In this tutorial you will discover how to share global variables with all workers in the Python process pool.
Let’s get started.
Need To Share Global Variable With All Workers in Process Pool
The multiprocessing.pool.Pool in Python provides a pool of reusable processes for executing ad hoc tasks.
A process pool can be configured when it is created, which will prepare the child workers.
A process pool object which controls a pool of worker processes to which jobs can be submitted. It supports asynchronous results with timeouts and callbacks and has a parallel map implementation.

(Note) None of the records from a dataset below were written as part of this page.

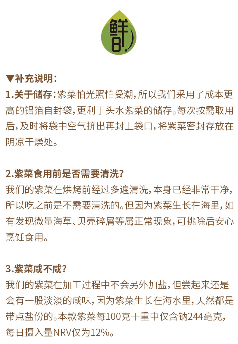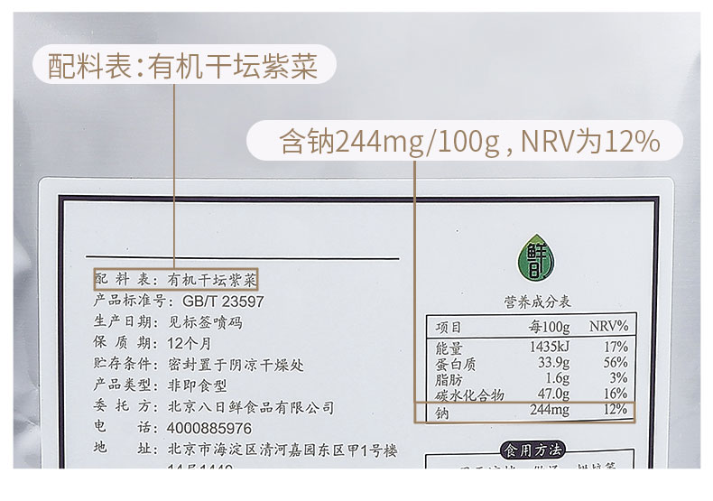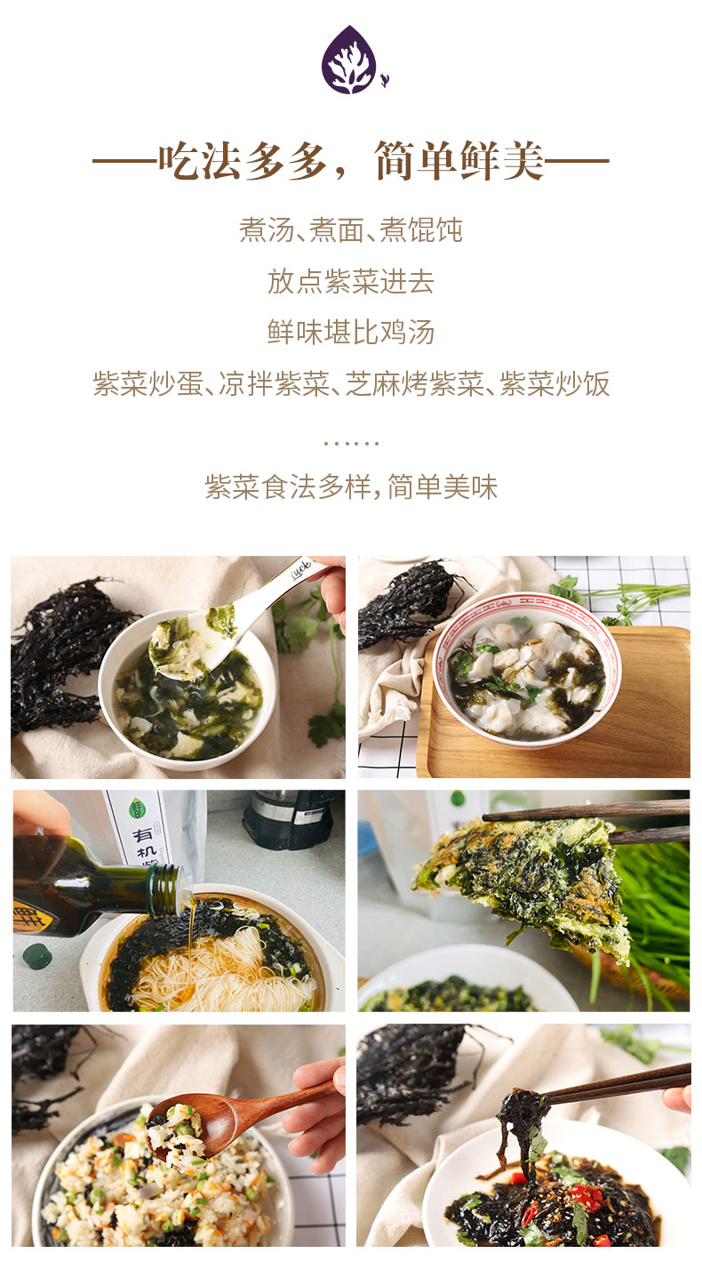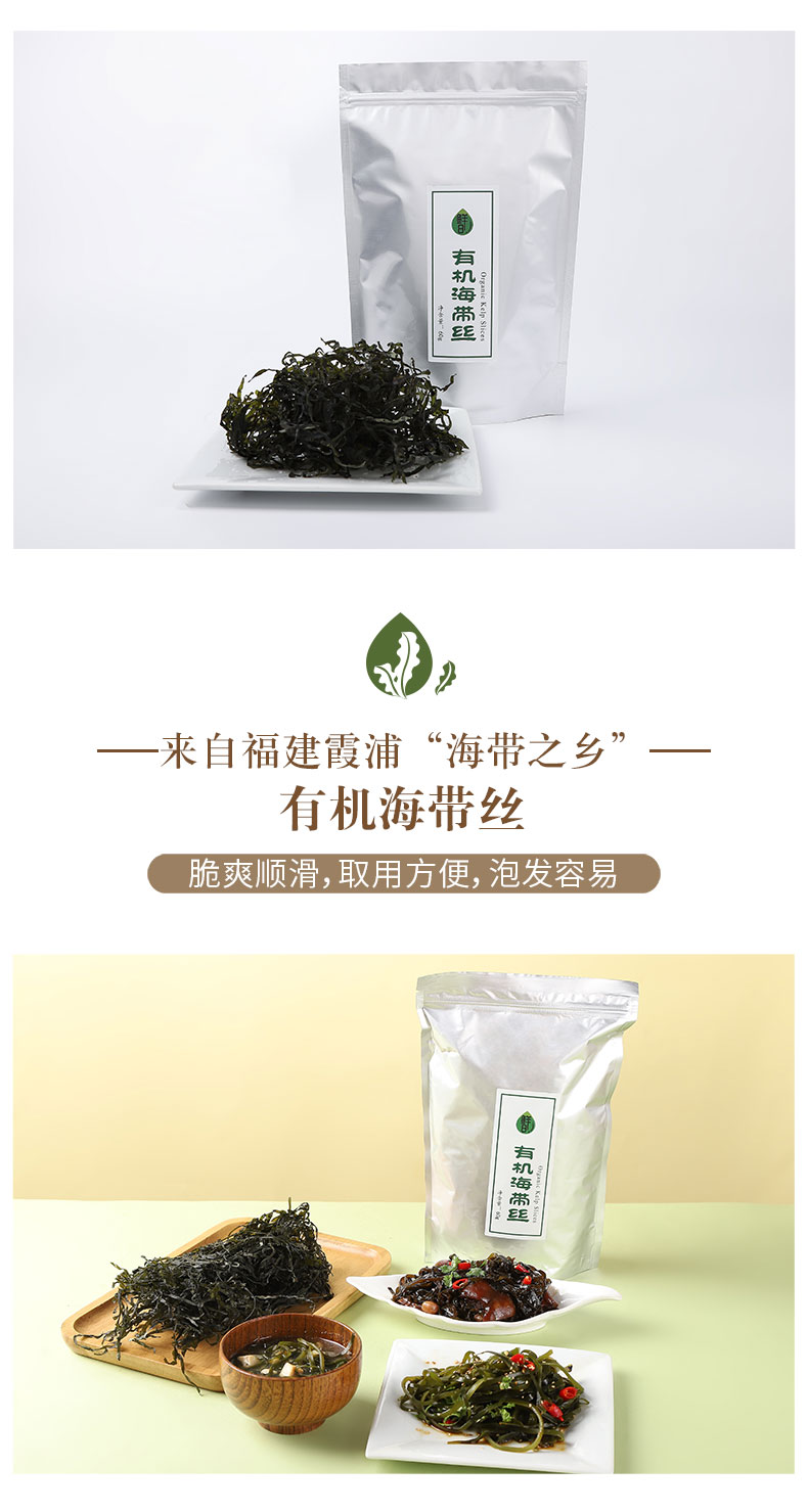 鲜8有机紫菜/有机海带丝60g*2袋装,头水紫菜,细嫩鲜香
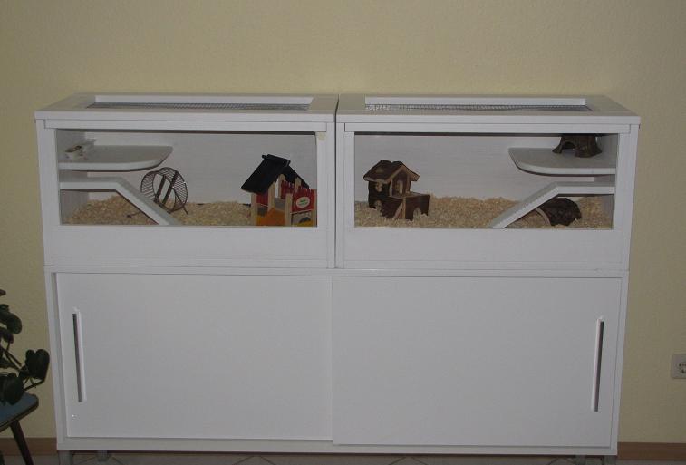 Hier sehen eingerichtete Käfige von unseren Kunden.
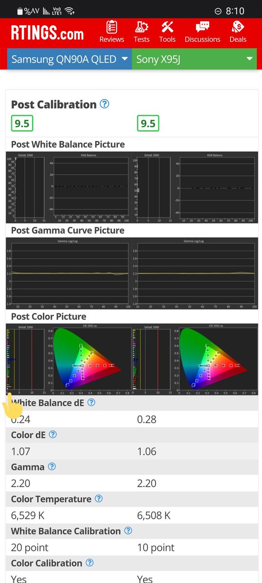 @Salah_Taylor1 وهنا قبل المعايرة كا معدل خطأ للألوان السامسونج كانت اقل بالأخضر والأحمر وبالمجموع الكلي كا متوسط خطأ مقارنة ب X95J

— multiprocessing — Process-based parallelism
We can issue one-off tasks to the process pool using functions such as apply() or we can apply the same function to an iterable of items using functions such as map().
Results for issued tasks can then be retrieved synchronously, or we can retrieve the result of tasks later by using asynchronous versions of the functions such as apply_async() and map_async().
When using the process pool, we may need to share a global variable with all child worker processes in the process pool.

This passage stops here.